1. The problem statement, all variables and given/known data

A body is thrown vertically upwards from a stand of height 30 meters above the ground. If the height h(t) above the ground after t seconds is given by : h(t) =20t-5t^2 +25 meters . Find:

(a) The initial velocity and acceleration and also the velocity and acceleration after t seconds.

(b) The highest point reached by the body.

(c) When the body strikes the ground and its velocity then.

(d) Suppose that instead of being thrown from a stand the body was thrown vertically from the ground with the same acceleration and initial velocity . When will the body strike the ground and find its velocity then.

******************************
This problem is incorrectly formulated:- (I am not sure about that)

I have copied this problem as it is,, and I think that there is a mistake in the problem formulation

Since the stand's height is 30 meters above the ground, the equation should be formulated like this
h(t) =20t-5t^2 +30 meters.

OR instead (that what I will do) correct the height of the stand from 30 to 25 so that the corrected version will be:

A body is thrown vertically upwards from a stand of height 25 meters above the ground. If the height h(t) above the ground after t seconds is given by : h(t) =20t-5t^2 +25 meters.

******************************
2. Relevant equations

3. The attempt at a solution

(a) The initial velocity and acceleration and also the velocity and acceleration after t seconds.

the velocity:

v(t) = (dh/dt) = 20-10t m/s

initial velocity is when t=0

v(0) = 20 m/s

the acceleration:

a(t) = (dv/dt) = -10 m/s^2

so a=-10 m/s^2

....................................

(b) The highest point reached by the body.

the highest point is when v(t) = 20-20t = 0

20-10t=0

t = 2 seconds

the highest point can be given using h(t) =20t-5t^2 +25

h(2) =20(2)-5(2)^2 +25 = 45 m

......................................

(c) When the body strikes the ground and its velocity then.

the body strikes the ground when h(t) =20t-5t^2 +25 = 0

20t-5t^2 +25 = 0

using the quadratic formula

t = -1 seconds and t = 5 seconds

**************************
I want to know what each result represents, and what is the meaning of the minus sign in (t=-1)
**************************
the velocity can be given

v(t) = 20-10t m/s

v(-1) = 30 m/s

v(5) = -30 m/s

**********************
I want to know what each result represents, and what is the meaning of the minus sign in v(5) = -30 m/s
**********************
.............................

(d) Suppose that instead of being thrown from a stand the body was thrown vertically from the ground with the same acceleration and initial velocity . When will the body strike the ground and find its velocity then.

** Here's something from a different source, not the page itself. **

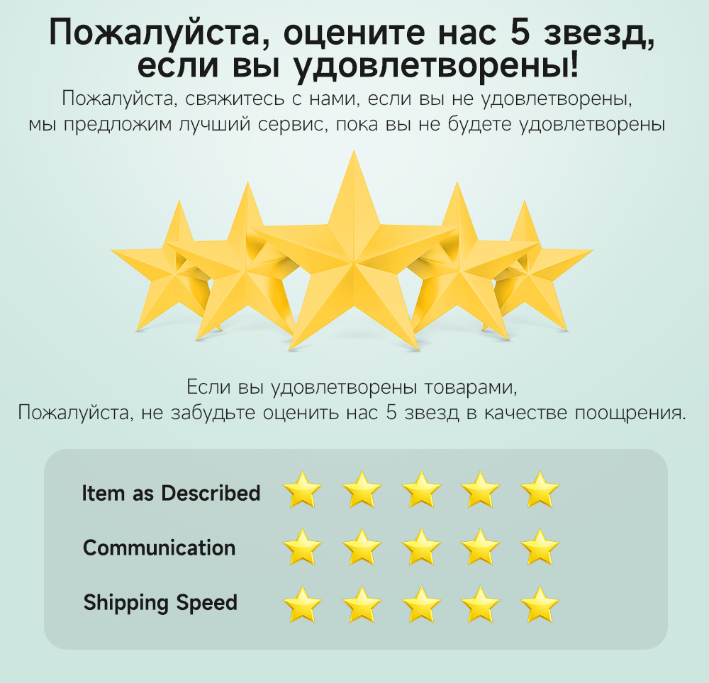 * Если возникнут какие-либо вопросы, вы можете связаться с нашей службой поддержки клиентов в течение 24 часов до отрицательного отзыва. Мы сделаем все возможное, чтобы помочь вам.

Here I changes the equation of height to be
h(t) =20t-5t^2

the equation of velocity (not changed)
v(t) = 20-10t m/s

the body will strike the ground when h(t) =20t-5t^2 = 0

t(20-5t) = 0

t=0 seconds and t = 4 seconds

**************************
I want to know what each result represents.
**************************

the velocity can be given v(t) = 20-10t m/s

v(0) = 20 m/s

v(4) = -20 m/s

**************************
I want to know what each result represents. and what is the meaning of the minus sign in v(4) = -20 m/s
**************************

danielakkerma · Nov 27, 2011

Hi there.
Unless there's some convoluted trick nestled in the query, such as having the object thrown with some initial displacement, while already on the stand, I think you're positively right in the corrections you provided, though +25 seems more accurate, since it produces very neat and tidy results(in the quadratic equation).
Next, it seems to me that you've solved everything accurately; Note an easy form of validation: your acceleration a=-10, hence -g, which what you would expect for a body under the 'auspices' of earth's gravity;
As for the two roots, try sketching the h(t) parabola, taking t, the horizontal axis, from some negative value to a positive one, and observing the result, Keep in mind, that when it comes to time, it is our physical convention that for a physical process, some event starts at 0. However, there "was"(perhaps) something before, and if we allow it to continue(and conditions permit), there will be some "after"(literally, after the object has hit the ground in this case).
The negative results when plugging in the velocity are evident, someone has already chosen the sign convention for you in this problem; That is, a-the acceleration is already taken to be negative, so when the object returns to the ground, it has a velocity matching the -y direction.
Hope that clears things up,
Daniel

PeterO · Nov 27, 2011

voltaire101 said: ↑

I want to check whether my solution is right or not... beside I have made some correction to the problem so that it will be consistent ( I want to check also this correction).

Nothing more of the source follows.